The native titlebar is not supposed to be visible at all and the header (Search, Playlist, CRT, Settings, ultraSID logo and window controls) are supposed to be 32 pixels higher up.
All mouse coordinates received are offset by the titlebar border thickness (so like 20-30 pixels in the Y-direction, and maybe 4-5 pixels in the X-direction).
When removing the setDropShadowEnabled ( false ); call everything looks as its supposed to.
Yes, the system corners and drop shadow can only be enabled/disabled simultaneously (well, as far as I can tell). If you want the system to round the window corners, then you need to leave the drop shadow enabled. I don’t think there’s really any downside to this; the drop shadow in Windows 11 seems very fast and it looks nice, too.
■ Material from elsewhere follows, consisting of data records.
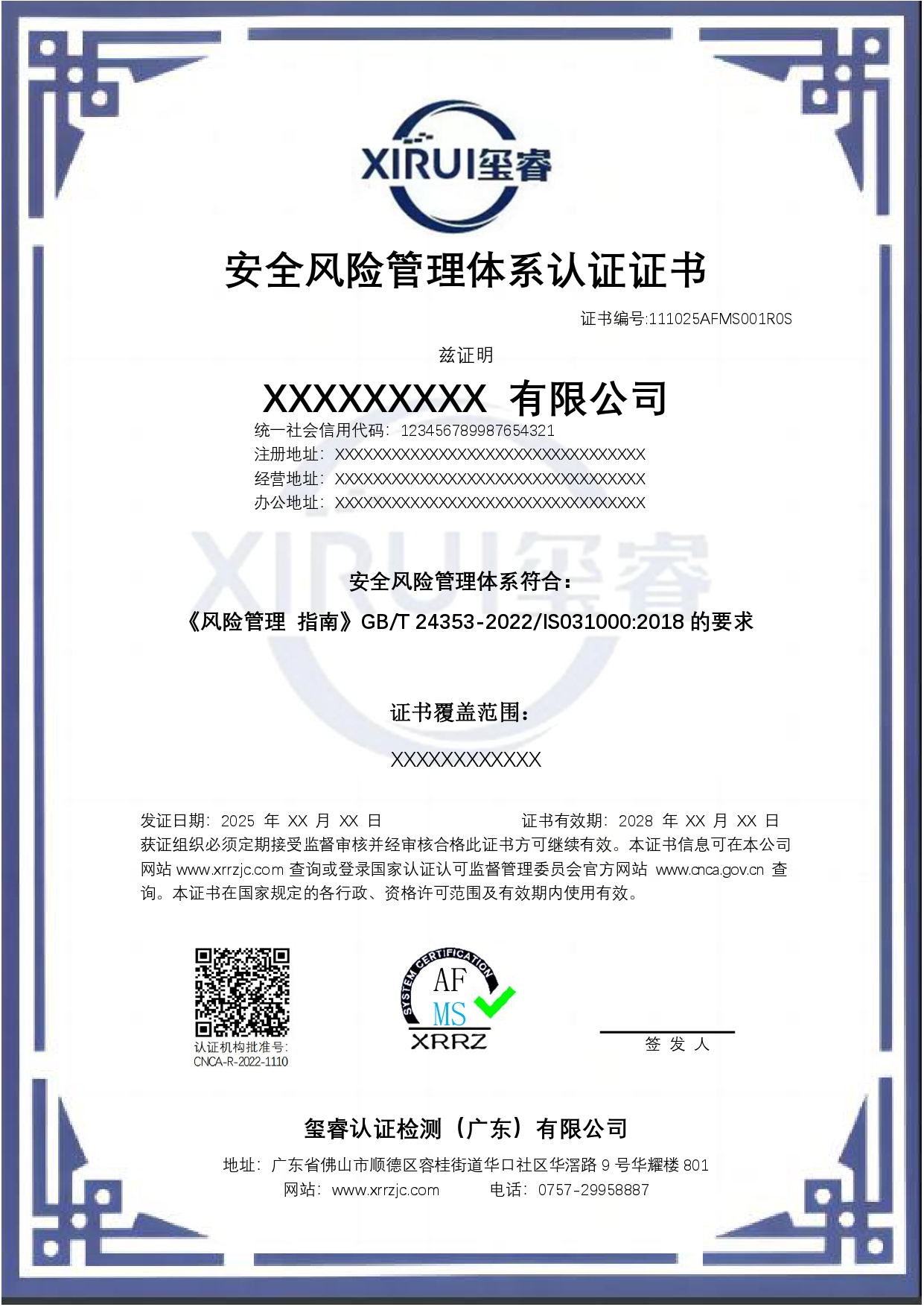 安全风险管理体系认证证书
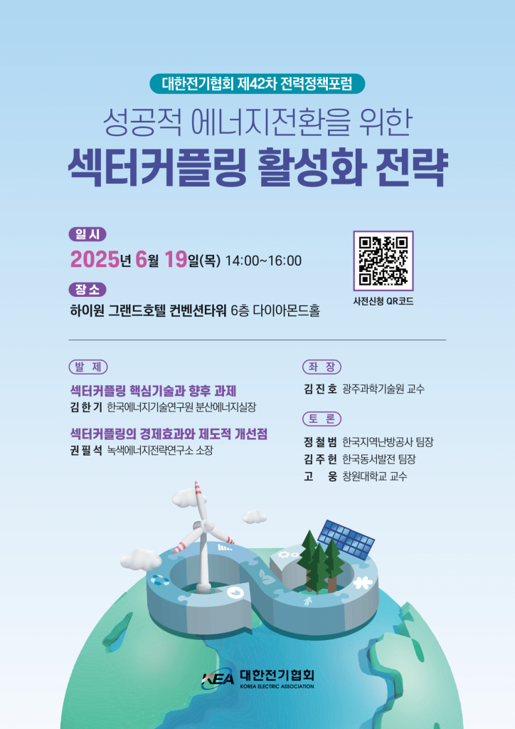 대한전기협회는 오는 19일 강원도 정선군 하이원 그랜드호텔에서 '성공적 에너지 전환을 위한 섹터커플링 활성화 전략'을 주제로 제42차 전력정책포럼을 개최한다고 9일 밝혔다.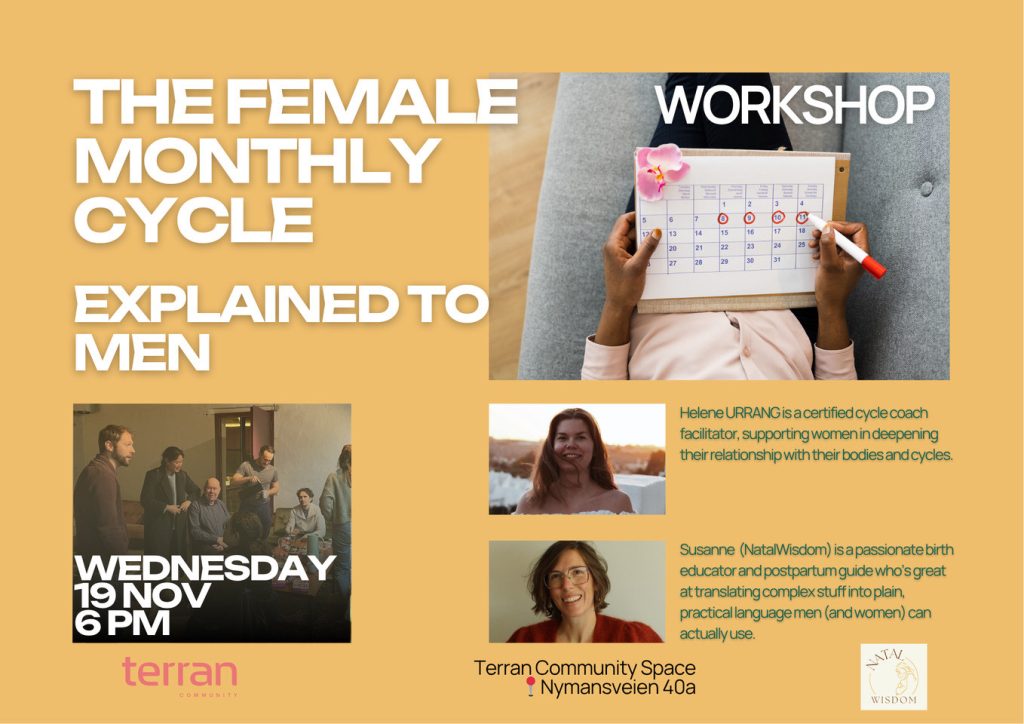 Together with Susanne from Natal Wisdom, I am hosting an event this coming Wednesday for a conversation about the female monthly cycle. Both Susanne and I work with women, and we want to welcome and include men into this conversation too – to better understand, support and connect more deeply with the women in their lives. The evening will be informal and easygoing – a mix of curiosity, playfulness, and honest conversation. Our intention is to demystify the cyclical nature of women and reveal its depth, beauty, and potential.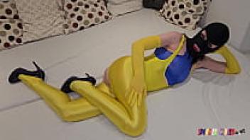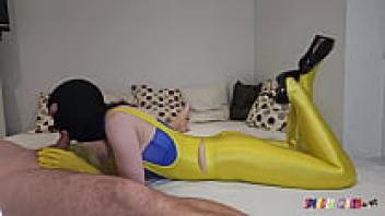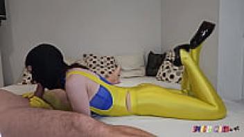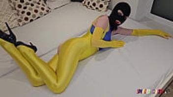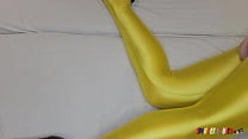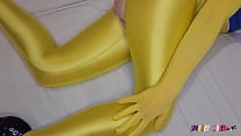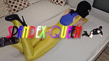 The SpandexThe queen jerks him off her yellow spandex body after sucking his dick.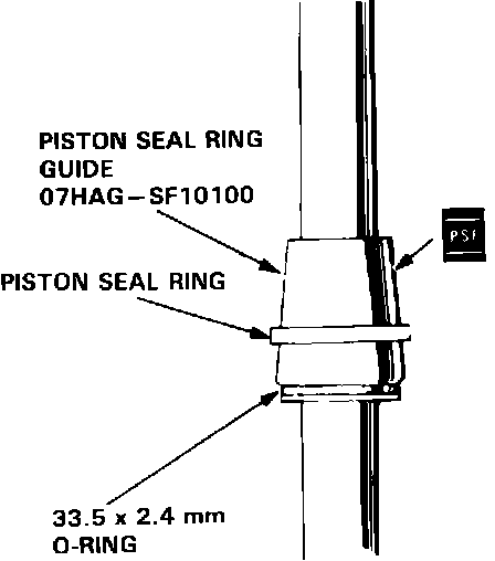 3. Position the new piston seal ring on the special tool, slide it down onto the big end of the tool, then pull it off into the piston groove on top of the 0- ring.
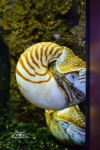 穿过威基基海滩就到了威基基水族馆(Waikiki Aquarium),这里一般的游客很少会涉足的。威基基水族馆是夏威夷大学开办的。来到这里,只是为了我大爱的鹦鹉螺。它有着5亿3千万年的历史,曾经一度被认为灭绝,在上世纪八十年代被美国科学家再度在深海发现。后来居然人工养殖成功,能亲眼看一眼太有幸啦!不但是它的历史牛,而且它的仿生学给人类带来了无限的可能,美国的鹦鹉螺号潜艇、B&W的鹦鹉螺音响、还有任何喜欢摄影的人都应该熟知的鹦鹉螺黄金分割构图法…来夏威夷看看它吧,因为它给我们太多的美好!
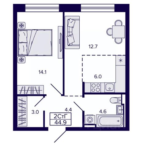 Просторная светлая 1-комнатная квартира 33-36 м². Здесь спальня, кухня-гостиная, комфортный санузел, гардеробная и постирочная, а также лоджия, которую можно оборудовать как зону отдыха или кабинет.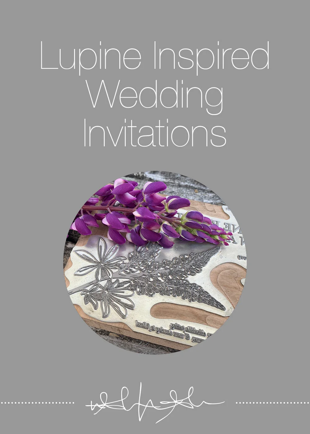 One of the invitations of mine they liked the most had floral illustrations balancing the type. We replaced the flowers from that invitation with lupines. Lupine flowers hold a special place in my heart. Whenever we are up in Canada in July the hills near our home are covered with them.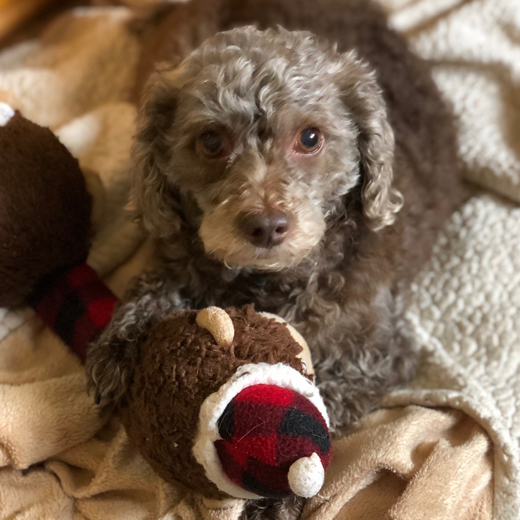 Tootsie: 13-year-old Tootsie joined the Leashes End family in October 2019. Kelley, who is a groomer, took on Tootsie as pro bono case in August, 2019. This poor girl desperately needed to be groomed and to see the vet. Her fur was so matted it was painful; her filthy skin beneath was covered in sores. Her nails were so overgrown she could barely walk. She could scarcely peer out to see beyond the shock of fur covering her eyes. Ugh… and the smell of her! But when Kelley called to schedule Tootsie’s next grooming, she learned that her owner had moved out of state and left Tootsie behind! We immediately took her into the Leashes End family so we could tend to her numerous veterinary and other needs! Tootsie blossomed into a very confident, sweet, and affectionate girl, but with a wild streak, making her a perfect Leashes End pup. Tootsie passed away in early 2024. RIP, Tootsie; may your memory be a blessing.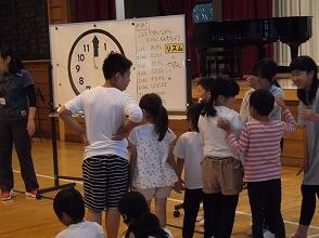 6月20日に行われた音楽集会の様子です。あじさいっ子グループに分かれて、声で音づくりをしました。グループ毎に決められた「とことこ」や「きらきら」等の言葉に、リズムや強弱をつけて音づくりをしました。6年生の班長を中心に、グループで話し合いながら音づくりをしていきました。表現力を高めるとともに、子ども達のコミュニケーション力向上のための取り組みでもあります。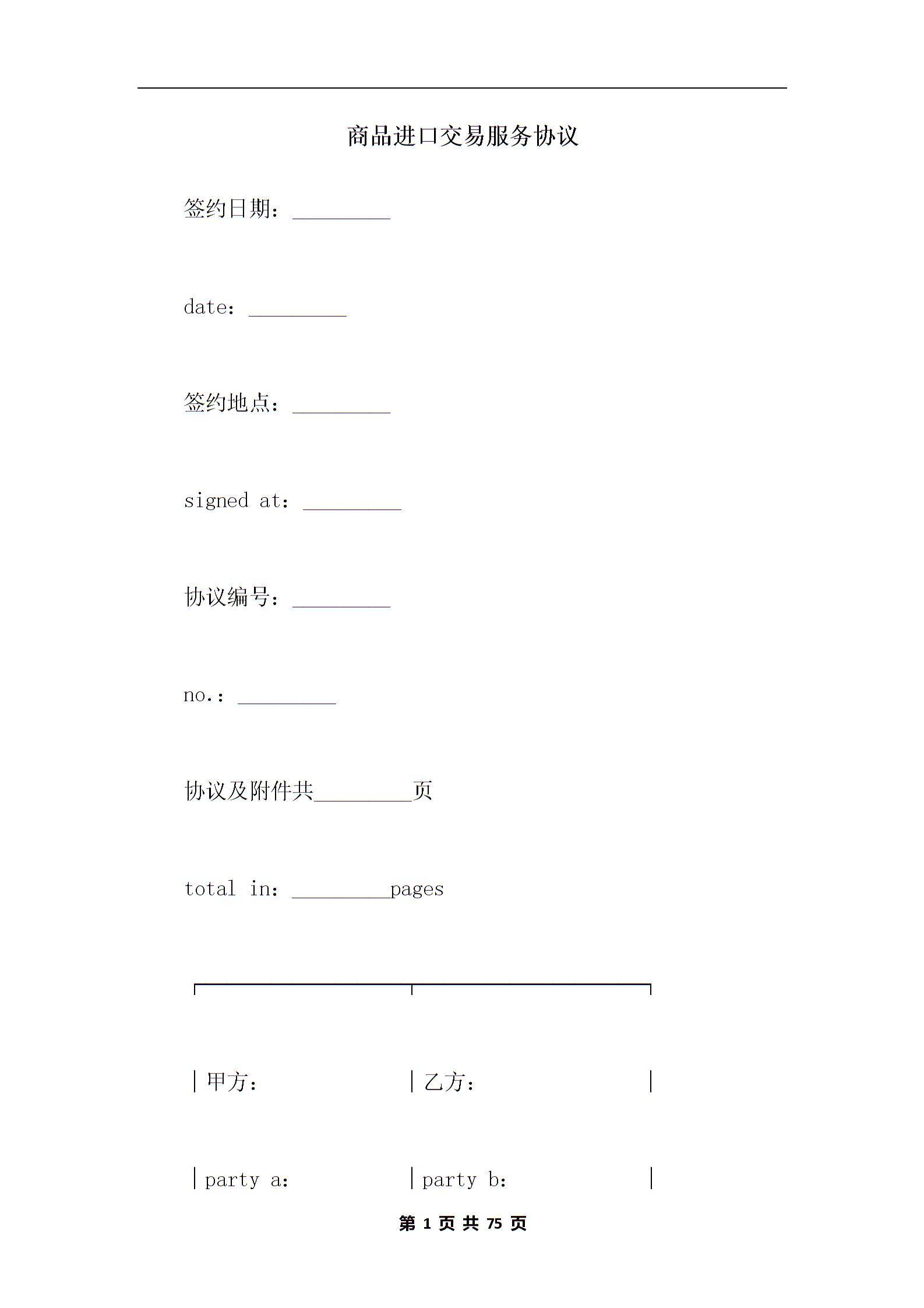 商品进口交易服务协议

To avoid ambiguity, the drop shadow for opaque JUCE windows is now provided by the OS on both Windows 10 and 11. This means it should look a bit nicer and perform better than the old JUCE drop shadower. A disadvantage of this approach is that the same app will have different shadows on Windows 10 and 11; an advantage is that on any given system, shadows in JUCE apps should appear consistent with shadows of other apps.
I 100% agree. I just wanted to point it out. I originally turned the shadow off because it was square, which didn’t look great with a rounded window, and it caused the content of the window to flicker when resizing. The flicker was resolved with a prior commit a few weeks ago, and now that the OS draws the shadow, there is no reason to turn it off anymore.